┌──

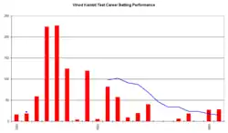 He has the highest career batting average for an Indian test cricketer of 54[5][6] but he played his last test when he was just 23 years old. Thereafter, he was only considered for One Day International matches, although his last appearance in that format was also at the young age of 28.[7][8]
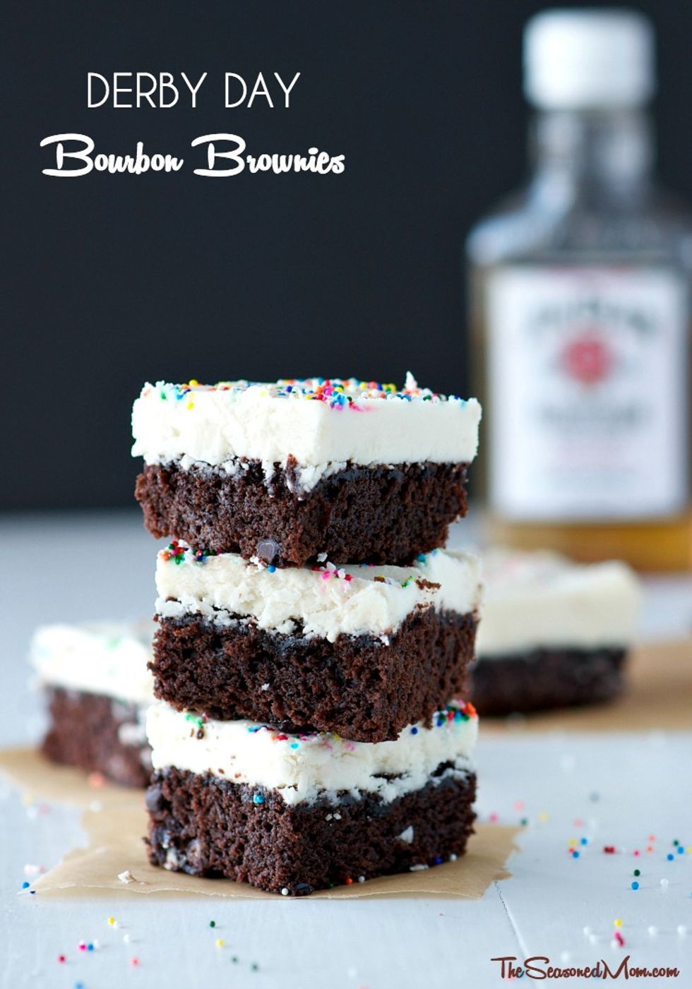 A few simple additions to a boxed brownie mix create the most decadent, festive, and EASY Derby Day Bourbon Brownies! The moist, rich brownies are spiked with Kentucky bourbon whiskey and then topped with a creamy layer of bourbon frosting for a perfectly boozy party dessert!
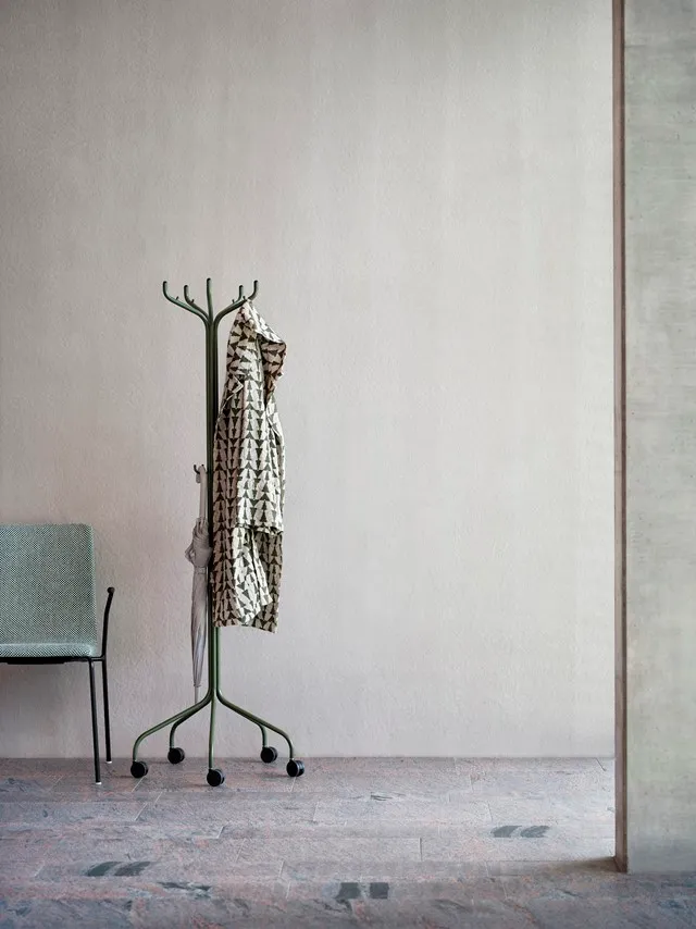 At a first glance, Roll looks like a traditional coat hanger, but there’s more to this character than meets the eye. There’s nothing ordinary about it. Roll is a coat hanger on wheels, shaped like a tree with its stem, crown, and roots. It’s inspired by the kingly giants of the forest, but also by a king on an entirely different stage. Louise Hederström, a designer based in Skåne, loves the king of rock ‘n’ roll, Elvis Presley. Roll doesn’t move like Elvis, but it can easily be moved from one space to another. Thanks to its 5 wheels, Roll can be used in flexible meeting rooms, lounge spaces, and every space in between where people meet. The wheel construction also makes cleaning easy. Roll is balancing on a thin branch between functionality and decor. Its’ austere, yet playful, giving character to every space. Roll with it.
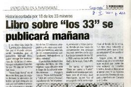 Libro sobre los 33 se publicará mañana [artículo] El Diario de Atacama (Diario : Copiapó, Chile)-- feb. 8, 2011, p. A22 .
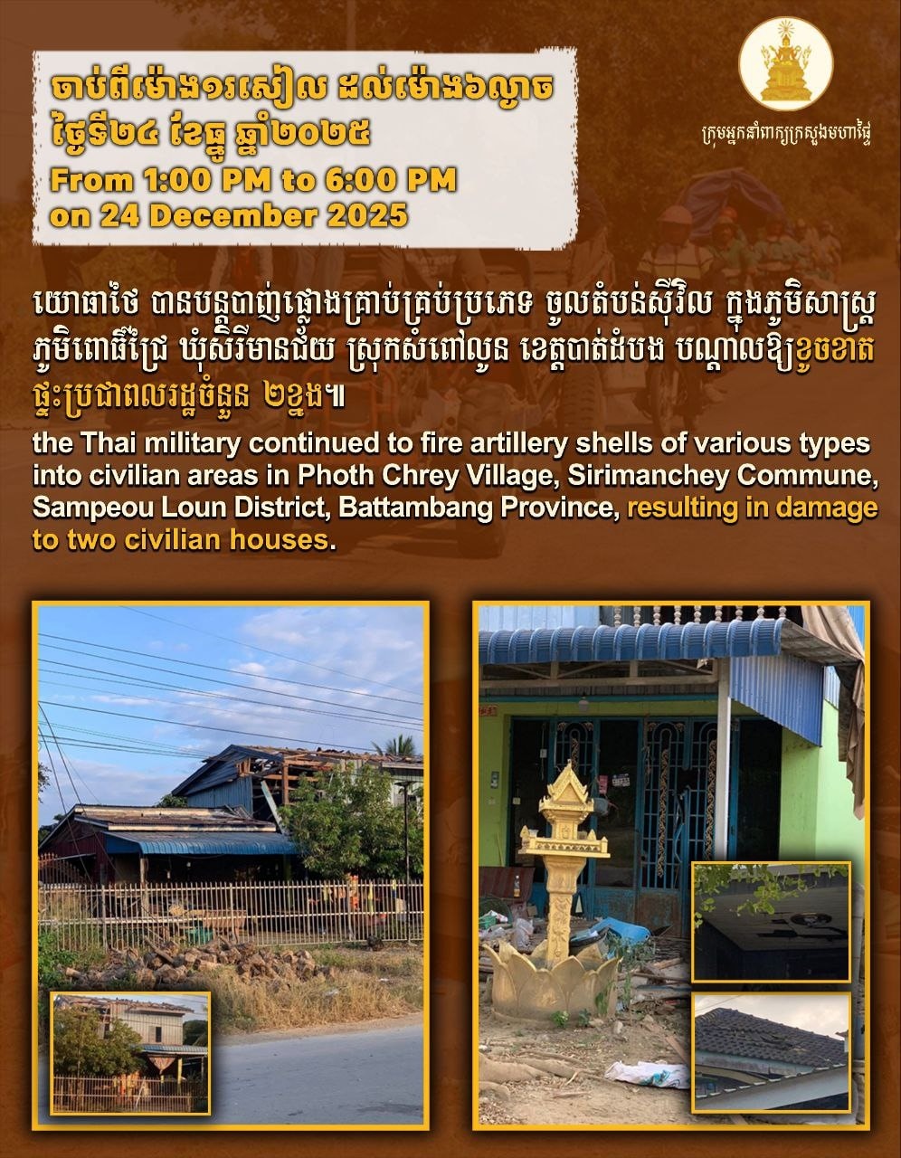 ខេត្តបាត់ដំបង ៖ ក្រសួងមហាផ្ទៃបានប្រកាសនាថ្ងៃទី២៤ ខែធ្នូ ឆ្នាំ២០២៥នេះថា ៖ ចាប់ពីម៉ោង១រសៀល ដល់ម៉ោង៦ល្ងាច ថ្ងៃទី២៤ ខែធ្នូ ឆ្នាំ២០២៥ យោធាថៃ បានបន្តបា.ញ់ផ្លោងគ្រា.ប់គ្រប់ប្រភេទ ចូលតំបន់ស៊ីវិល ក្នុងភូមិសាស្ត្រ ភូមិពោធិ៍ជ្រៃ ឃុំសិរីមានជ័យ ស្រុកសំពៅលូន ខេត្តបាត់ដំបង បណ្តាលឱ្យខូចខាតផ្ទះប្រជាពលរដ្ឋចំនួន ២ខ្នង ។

└──

• **WHAT THE TASK REQUIRES**
Transcribe the listing in full. Leave the pictures out.

• **EXERCISE SOLUTION**
 He has the highest career batting average for an Indian test cricketer of 54[5][6] but he played his last test when he was just 23 years old. Thereafter, he was only considered for One Day International matches, although his last appearance in that format was also at the young age of 28.[7][8]
 A few simple additions to a boxed brownie mix create the most decadent, festive, and EASY Derby Day Bourbon Brownies! The moist, rich brownies are spiked with Kentucky bourbon whiskey and then topped with a creamy layer of bourbon frosting for a perfectly boozy party dessert!
 At a first glance, Roll looks like a traditional coat hanger, but there’s more to this character than meets the eye. There’s nothing ordinary about it. Roll is a coat hanger on wheels, shaped like a tree with its stem, crown, and roots. It’s inspired by the kingly giants of the forest, but also by a king on an entirely different stage. Louise Hederström, a designer based in Skåne, loves the king of rock ‘n’ roll, Elvis Presley. Roll doesn’t move like Elvis, but it can easily be moved from one space to another. Thanks to its 5 wheels, Roll can be used in flexible meeting rooms, lounge spaces, and every space in between where people meet. The wheel construction also makes cleaning easy. Roll is balancing on a thin branch between functionality and decor. Its’ austere, yet playful, giving character to every space. Roll with it.
 Libro sobre los 33 se publicará mañana [artículo] El Diario de Atacama (Diario : Copiapó, Chile)-- feb. 8, 2011, p. A22 .
 ខេត្តបាត់ដំបង ៖ ក្រសួងមហាផ្ទៃបានប្រកាសនាថ្ងៃទី២៤ ខែធ្នូ ឆ្នាំ២០២៥នេះថា ៖ ចាប់ពីម៉ោង១រសៀល ដល់ម៉ោង៦ល្ងាច ថ្ងៃទី២៤ ខែធ្នូ ឆ្នាំ២០២៥ យោធាថៃ បានបន្តបា.ញ់ផ្លោងគ្រា.ប់គ្រប់ប្រភេទ ចូលតំបន់ស៊ីវិល ក្នុងភូមិសាស្ត្រ ភូមិពោធិ៍ជ្រៃ ឃុំសិរីមានជ័យ ស្រុកសំពៅលូន ខេត្តបាត់ដំបង បណ្តាលឱ្យខូចខាតផ្ទះប្រជាពលរដ្ឋចំនួន ២ខ្នង ។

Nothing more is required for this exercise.